Experimental section
Materials
Sodium diethyldithiocarbamate trihydrate (NaDDTC·3H2O, 99%), sodium molybdate dihydrate (Na2MoO4·2H2O), 1-octadecene (1-ODE, 90%), and 1-dodecanethiol (DDT, C12H25SH, 99.5%) were provided by Sinopharm Chemical Reagent Co., Ltd. Aldrich provided analytical solvents such as methanol, ethanol, acetone, and n-hexane. All solvents and reactants were employed without additional purification.
Synthesis of precursor
The synthesis of molybdenum diethyldithiocarbamate (MoDTC) referred to previous literature with a simple modification.[24] Typically, 0.05 mol (11.28 g) of NaDDTC·3H2O was firstly dissolved in 100 mL of deionized water. Next, 0.025 mol of Na2MoO4·2H2O (6.05 g) was added to 50 mL of deionized water, and pH was regulated to 3 with 0.1 M sulfuric acid. And then, Na2MoO4 solution was dripped slowly into NaDDTC solution with vigorous stirring. The mixed solution was heated to 95 °C and held the temperature for 4 hours. Following that, a yellow precipitate formed. The sediment was alternately washed with distilled water and anhydrous methanol three times. The final product in yellow powder form was obtained via vacuum drying at 60 °C for 12 h.
Synthesis of MoS2 QDs
A typical preparation of MoS2 QDs was as follows. 0.25 mmol of MoDTC (216 mg) and 1 mL of 1-dodecanethiol (1-DDT) were respectively added to a 100 mL reaction vessel loaded with 20 mL of 1-ODE. With 30 minutes of nitrogen exposure, the flask was heated to 160 °C at a rate of 25 °C min−1. The reactants maintain the temperature for 90 min with strong agitation. Consequently, the glass reactor was cooled naturally to room temperature in a heating sleeve. Then, the solution in the above reactor was added to 30 mL of acetone and carefully heated to about 40 °C with vigorous stirring for 10 min. After that, the flask was removed from the heating sleeve and cooled in an ice-water bath. The supernatant was charily drawn and then was added 75 mL n-hexane. The mixture solution was swiftly centrifuged at 10 000 rpm for 10 min. As-collected precipitation was alternately washed with n-hexane and acetone via the extraction-purification technique. Finally, after drying at 50 °C in a vacuum overnight, the target product was obtained.

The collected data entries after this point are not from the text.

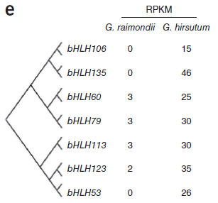 此前研究提出假設,即棉纖維在形態和起源上與植物表皮毛相似,表皮毛為多種植物組織中存在的毛狀表皮細胞,常見于葉片和莖表面。假設提出,在擬南芥表皮毛發育中起重要作用的轉錄因子可能與棉纖維形成相關。在擬南芥中,MYB和bHLH類轉錄因子與TTG1形成復合物共同起作用調控表皮細胞發育。總計2706個轉錄因子,包括208個bHLH和219個MYB基因在雷蒙德氏棉基因組中得到鑒定。大量的MYB和bHLH基因在陸地棉胚珠中顯著表達,而雷蒙德氏棉胚珠中只有殘量表達,表明這些基因的部分可能為纖維早期發育所必需。(圖8)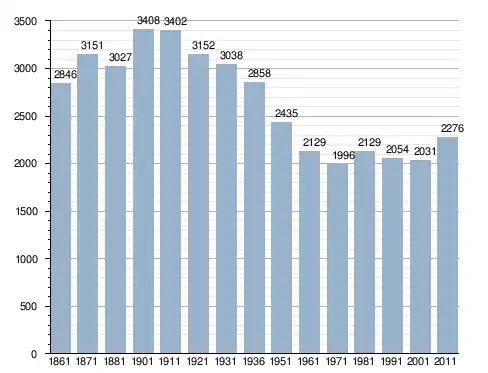 في سنة 1861 بلغ عدد السكان 2٬846 نسمة، وتطور العدد ليصل في سنة 2011 لـ 2٬276 نسمة.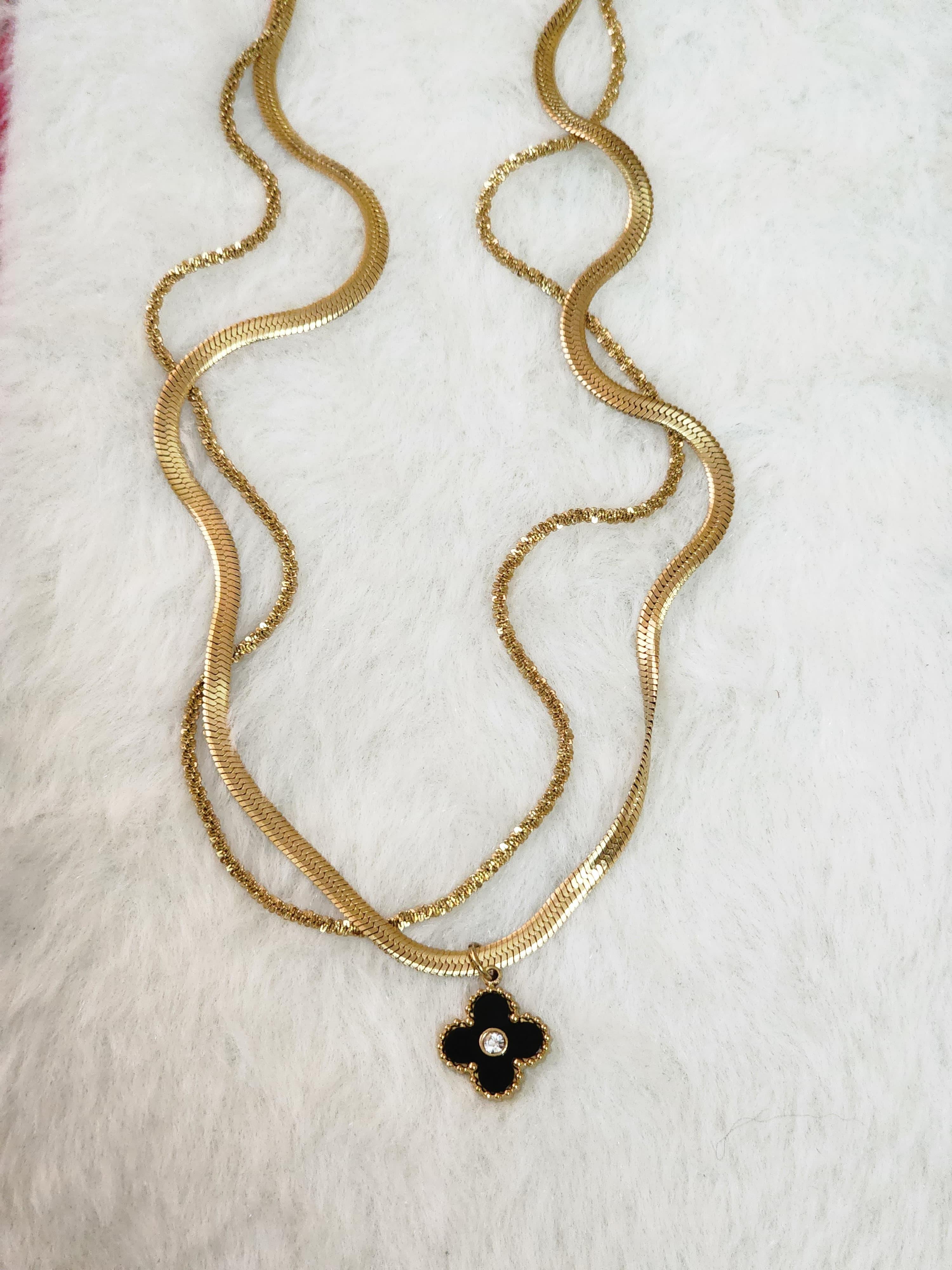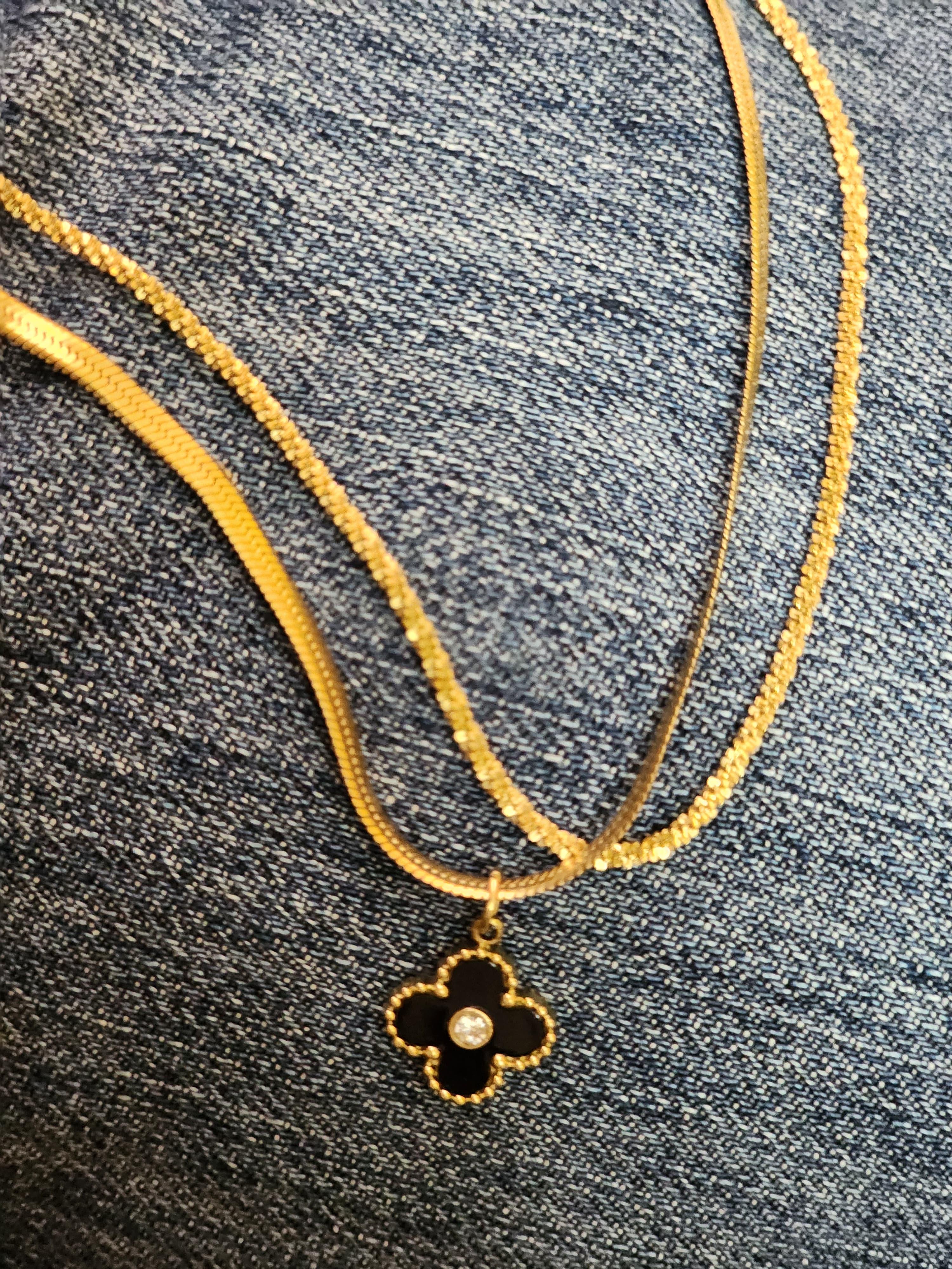 At the center of attention is a striking black four-leaf clover pendant, delicately bordered with gold beading and adorned with a sparkling cubic zirconia at its heart. Symbolizing luck and elegance, this pendant adds a timeless allure to the overall design.

Fabrication of MoS2 nanorods, nanoribbons, and bulks
The synthesis of MoS2 nanorods, nanoribbons, and bulks is similar to that of MoS2 QDs except for reaction temperature. The detailed preparation procedures were given in the ESI.†
Electrical performance test
Electrochemical tests were implemented on a CHI 660D electrochemical workstation with a three-electrode cell in 0.5 mol L−1 H2SO4 solutions, using a Pt piece as a counter electrode, Ag/AgCl as a reference electrode, and modified conductive glass (ITO) as a working electrode. The electrode was synthesized as follows: 1 mg of MoS2 nanomaterials were dispersed in 2 mL of ethanol aqueous solution (water and ethanol volume ratio of 3 : 1), and then 20 μL of 5 wt% Nafion solution was added into the suspension. With the 15 min of ultrasound, 150 μL of the suspension was dropped onto an ITO (2 × 2 cm) and dried to obtain the modified working electrode.
Characterization
A JEOL JEM-2100F was used to take transmission electron microscope images (TEM) of samples with a 200 kV operating voltage. Elements of reactant products were analyzed using an ESCALAB250Xi X-ray photoelectron spectroscopy (XPS). A Nicolet 67 Fourier transform infrared (FTIR) spectrometer was used to detect groups attached to the surface of samples. The phase and structure of samples were indexed using a Bruker D8 Avance X-ray diffractometer (XRD) with the Cu Kα radiation (λ = 1.5418 Å). Raman spectroscopy data of simples was measured by a Horiba Lab RAM HR Evolution spectroscopy excited at 514 nm with a resolution limit of 1 cm−1. A potentiostat (CHI660D) was used to measure the electrochemical performance of MoS2 materials.
Results and discussion
Characterization of the precursor
To prepare MoS2 nanocrystals, a pale-yellow powder precursor was initially synthesized as displayed in the inset of Fig. S1.† The XRD of the precursor is shown in Fig. S1.† The three largest diffraction peaks at 11.97°, 12.23° and 12.37° correspond to the (110), (¯111), and (200) of the MoDTC phase (JCPDS card No. 25-1978).[24] According to the XPS survey spectrum (Fig. S2(a)†), the precursor is composed of molybdenum (Mo), sulfur (S), oxygen (O), and nitrogen (N) elements, besides carbon. In Fig. S2(b),† Mo 3d peak of MoDTC is 230.4, 231.8, 233.6 and 235.0 eV, attributed to the MoIV (3d5/2), MoVI (3d5/2), MoIV+ (3d3/2) and MoVI+ (3d3/2).[25] Fig. S2(c)† reveals the two contributions, one around 162.3 eV and the other near 163.5 eV, corresponding to S 2p3/2, and S 2p1/2, respectively. The O 1s is 530.1 eV and 532.8 eV, which originate from the banding energy of Mo–O of MoDTC and oxygen from the environment, respectively (Fig. S2(d)†).[26] The MoDTC precursor can be pyrolyzed in 1-ODE to synthesize MoS2 nanomaterials with controllable morphologies by using a simple and skillfully colloidal nanochemistry approach.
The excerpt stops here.